───── MATERIAL SUPPLIED ─────

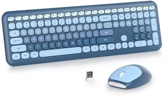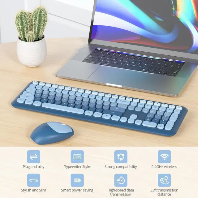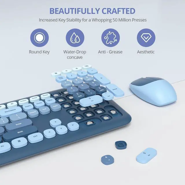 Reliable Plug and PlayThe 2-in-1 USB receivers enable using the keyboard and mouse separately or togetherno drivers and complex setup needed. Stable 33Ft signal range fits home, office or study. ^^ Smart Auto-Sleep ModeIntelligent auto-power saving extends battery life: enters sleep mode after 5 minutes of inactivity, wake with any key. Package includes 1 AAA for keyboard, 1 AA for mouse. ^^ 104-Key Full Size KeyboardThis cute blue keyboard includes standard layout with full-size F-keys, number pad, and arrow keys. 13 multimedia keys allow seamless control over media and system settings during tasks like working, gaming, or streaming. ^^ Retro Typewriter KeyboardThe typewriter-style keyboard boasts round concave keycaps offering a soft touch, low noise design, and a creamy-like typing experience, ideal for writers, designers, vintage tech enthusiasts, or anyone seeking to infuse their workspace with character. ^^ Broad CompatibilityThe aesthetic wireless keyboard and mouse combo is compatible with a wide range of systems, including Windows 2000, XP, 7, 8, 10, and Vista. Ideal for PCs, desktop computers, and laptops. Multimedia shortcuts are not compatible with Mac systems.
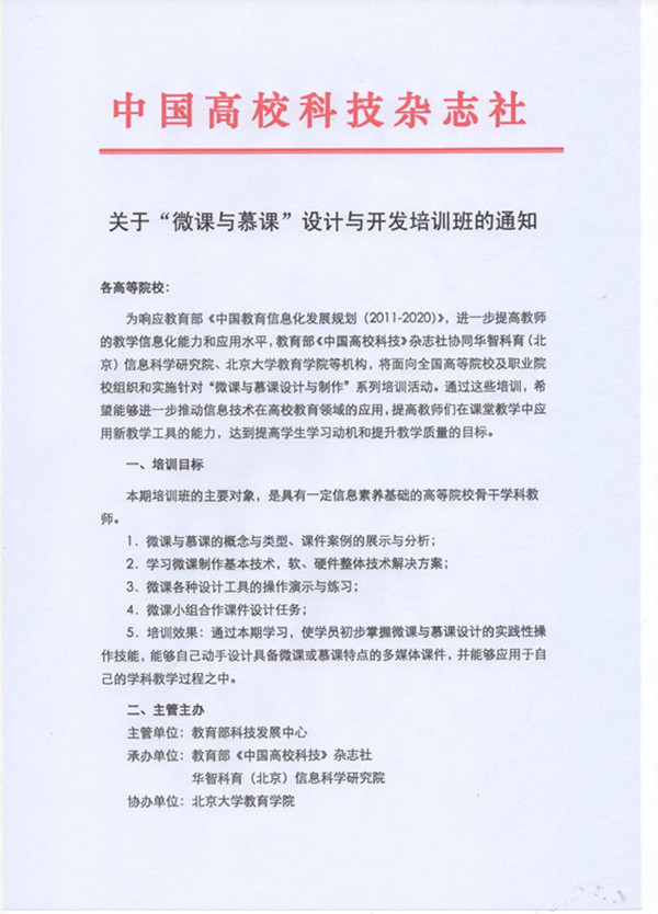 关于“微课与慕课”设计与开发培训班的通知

─────
───── MATERIAL SUPPLIED ─────

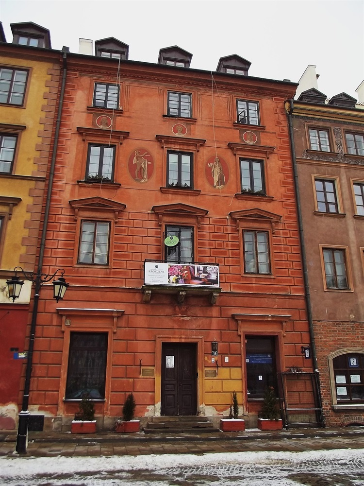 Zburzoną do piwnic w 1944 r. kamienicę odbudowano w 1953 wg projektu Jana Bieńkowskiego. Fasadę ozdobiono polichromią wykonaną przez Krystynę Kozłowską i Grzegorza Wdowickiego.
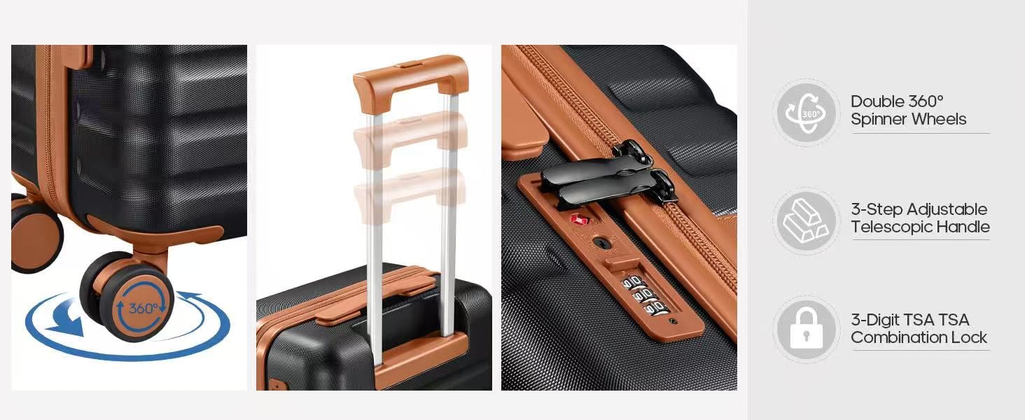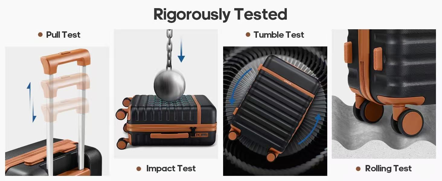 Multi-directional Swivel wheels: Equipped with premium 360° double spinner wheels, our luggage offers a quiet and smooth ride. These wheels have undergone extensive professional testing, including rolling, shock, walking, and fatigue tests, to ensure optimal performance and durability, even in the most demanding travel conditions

─────

PROBLEM TO WORK ON: Line for line, output the entries above from the line with "Zburzoną do piwnic" to the line with "Multi-directional Swivel wheels: Equipped", both included, and nothing more. Skip pictures.

ANSWER:
 Zburzoną do piwnic w 1944 r. kamienicę odbudowano w 1953 wg projektu Jana Bieńkowskiego. Fasadę ozdobiono polichromią wykonaną przez Krystynę Kozłowską i Grzegorza Wdowickiego.
 Multi-directional Swivel wheels: Equipped with premium 360° double spinner wheels, our luggage offers a quiet and smooth ride. These wheels have undergone extensive professional testing, including rolling, shock, walking, and fatigue tests, to ensure optimal performance and durability, even in the most demanding travel conditions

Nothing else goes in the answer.